===== MATERIAL PROVIDED =====
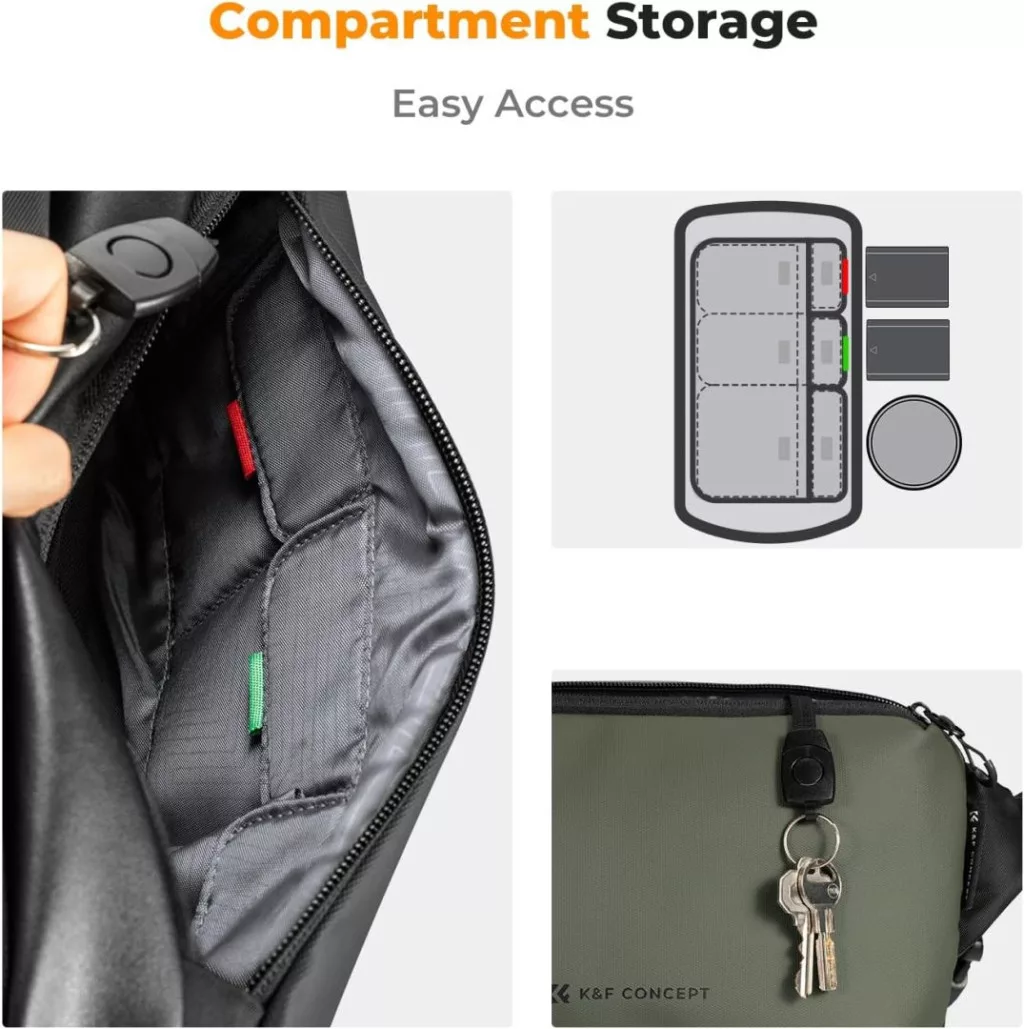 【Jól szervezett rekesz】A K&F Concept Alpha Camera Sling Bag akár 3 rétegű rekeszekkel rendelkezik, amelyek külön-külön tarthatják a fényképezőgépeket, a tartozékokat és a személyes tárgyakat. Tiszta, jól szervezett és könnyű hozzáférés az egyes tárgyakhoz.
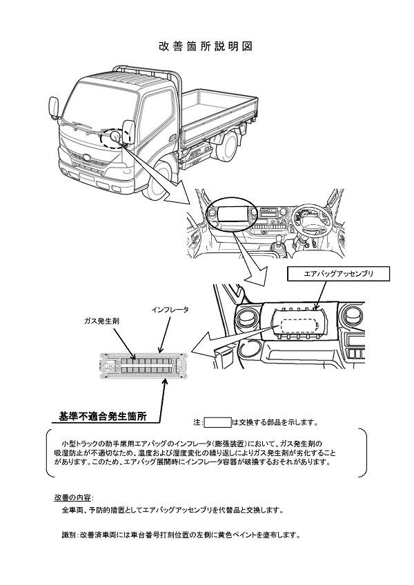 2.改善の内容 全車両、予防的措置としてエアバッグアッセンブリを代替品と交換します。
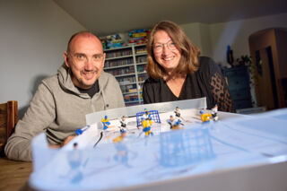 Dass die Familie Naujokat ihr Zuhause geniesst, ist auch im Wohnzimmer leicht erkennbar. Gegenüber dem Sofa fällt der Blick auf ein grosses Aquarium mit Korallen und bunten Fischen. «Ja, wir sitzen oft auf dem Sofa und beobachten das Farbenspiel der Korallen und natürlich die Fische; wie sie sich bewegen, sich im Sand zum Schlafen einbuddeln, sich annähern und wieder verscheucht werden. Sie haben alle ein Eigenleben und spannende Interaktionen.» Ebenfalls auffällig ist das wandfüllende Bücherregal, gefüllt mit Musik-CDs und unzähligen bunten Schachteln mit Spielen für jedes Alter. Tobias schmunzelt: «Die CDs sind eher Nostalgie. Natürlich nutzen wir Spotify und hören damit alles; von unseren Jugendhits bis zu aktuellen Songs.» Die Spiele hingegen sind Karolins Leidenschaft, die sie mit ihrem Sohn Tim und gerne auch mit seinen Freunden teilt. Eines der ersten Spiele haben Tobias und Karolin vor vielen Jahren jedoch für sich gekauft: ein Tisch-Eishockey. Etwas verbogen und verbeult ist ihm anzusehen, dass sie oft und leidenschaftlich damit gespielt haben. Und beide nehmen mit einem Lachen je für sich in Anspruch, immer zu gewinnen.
=====
===== MATERIAL PROVIDED =====
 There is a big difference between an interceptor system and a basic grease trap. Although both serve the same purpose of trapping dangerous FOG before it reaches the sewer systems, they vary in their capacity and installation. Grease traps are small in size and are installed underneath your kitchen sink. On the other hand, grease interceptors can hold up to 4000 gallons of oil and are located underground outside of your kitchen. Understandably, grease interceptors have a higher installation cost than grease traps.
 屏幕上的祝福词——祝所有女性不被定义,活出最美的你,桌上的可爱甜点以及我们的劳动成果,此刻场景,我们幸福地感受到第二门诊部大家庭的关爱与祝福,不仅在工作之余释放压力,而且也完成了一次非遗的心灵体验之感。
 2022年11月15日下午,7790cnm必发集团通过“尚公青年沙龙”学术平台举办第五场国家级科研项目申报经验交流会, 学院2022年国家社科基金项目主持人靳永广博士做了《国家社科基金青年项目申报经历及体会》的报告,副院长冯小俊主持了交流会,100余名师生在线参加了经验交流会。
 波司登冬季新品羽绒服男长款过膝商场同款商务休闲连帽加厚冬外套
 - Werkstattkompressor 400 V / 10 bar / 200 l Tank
=====
===== MATERIAL PROVIDED =====
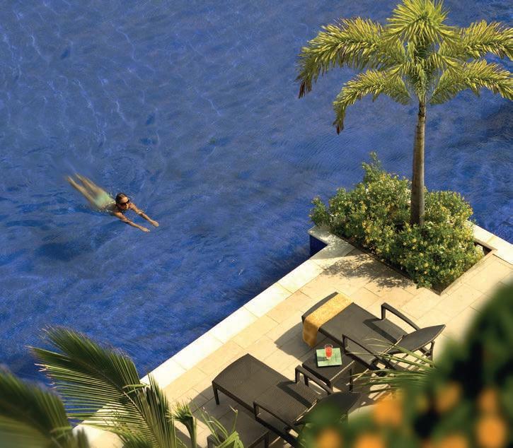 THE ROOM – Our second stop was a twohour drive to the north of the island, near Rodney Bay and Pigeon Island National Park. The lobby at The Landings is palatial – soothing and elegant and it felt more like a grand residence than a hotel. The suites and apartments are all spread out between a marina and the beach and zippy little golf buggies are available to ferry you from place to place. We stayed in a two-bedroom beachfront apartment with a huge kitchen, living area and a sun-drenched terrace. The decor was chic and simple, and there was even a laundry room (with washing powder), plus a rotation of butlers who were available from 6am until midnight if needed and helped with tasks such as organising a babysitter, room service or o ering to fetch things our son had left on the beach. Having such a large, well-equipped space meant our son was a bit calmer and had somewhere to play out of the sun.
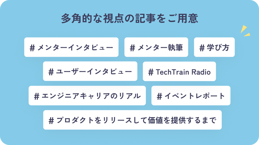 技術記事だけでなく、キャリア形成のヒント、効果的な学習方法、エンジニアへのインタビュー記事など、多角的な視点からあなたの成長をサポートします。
=====
An exact copy is needed. It runs from the line above containing "az egyes tárgyakhoz." down to the line containing "Dass die Familie", both included, with no pictures.

 【Jól szervezett rekesz】A K&F Concept Alpha Camera Sling Bag akár 3 rétegű rekeszekkel rendelkezik, amelyek külön-külön tarthatják a fényképezőgépeket, a tartozékokat és a személyes tárgyakat. Tiszta, jól szervezett és könnyű hozzáférés az egyes tárgyakhoz.
 2.改善の内容 全車両、予防的措置としてエアバッグアッセンブリを代替品と交換します。
 Dass die Familie Naujokat ihr Zuhause geniesst, ist auch im Wohnzimmer leicht erkennbar. Gegenüber dem Sofa fällt der Blick auf ein grosses Aquarium mit Korallen und bunten Fischen. «Ja, wir sitzen oft auf dem Sofa und beobachten das Farbenspiel der Korallen und natürlich die Fische; wie sie sich bewegen, sich im Sand zum Schlafen einbuddeln, sich annähern und wieder verscheucht werden. Sie haben alle ein Eigenleben und spannende Interaktionen.» Ebenfalls auffällig ist das wandfüllende Bücherregal, gefüllt mit Musik-CDs und unzähligen bunten Schachteln mit Spielen für jedes Alter. Tobias schmunzelt: «Die CDs sind eher Nostalgie. Natürlich nutzen wir Spotify und hören damit alles; von unseren Jugendhits bis zu aktuellen Songs.» Die Spiele hingegen sind Karolins Leidenschaft, die sie mit ihrem Sohn Tim und gerne auch mit seinen Freunden teilt. Eines der ersten Spiele haben Tobias und Karolin vor vielen Jahren jedoch für sich gekauft: ein Tisch-Eishockey. Etwas verbogen und verbeult ist ihm anzusehen, dass sie oft und leidenschaftlich damit gespielt haben. Und beide nehmen mit einem Lachen je für sich in Anspruch, immer zu gewinnen.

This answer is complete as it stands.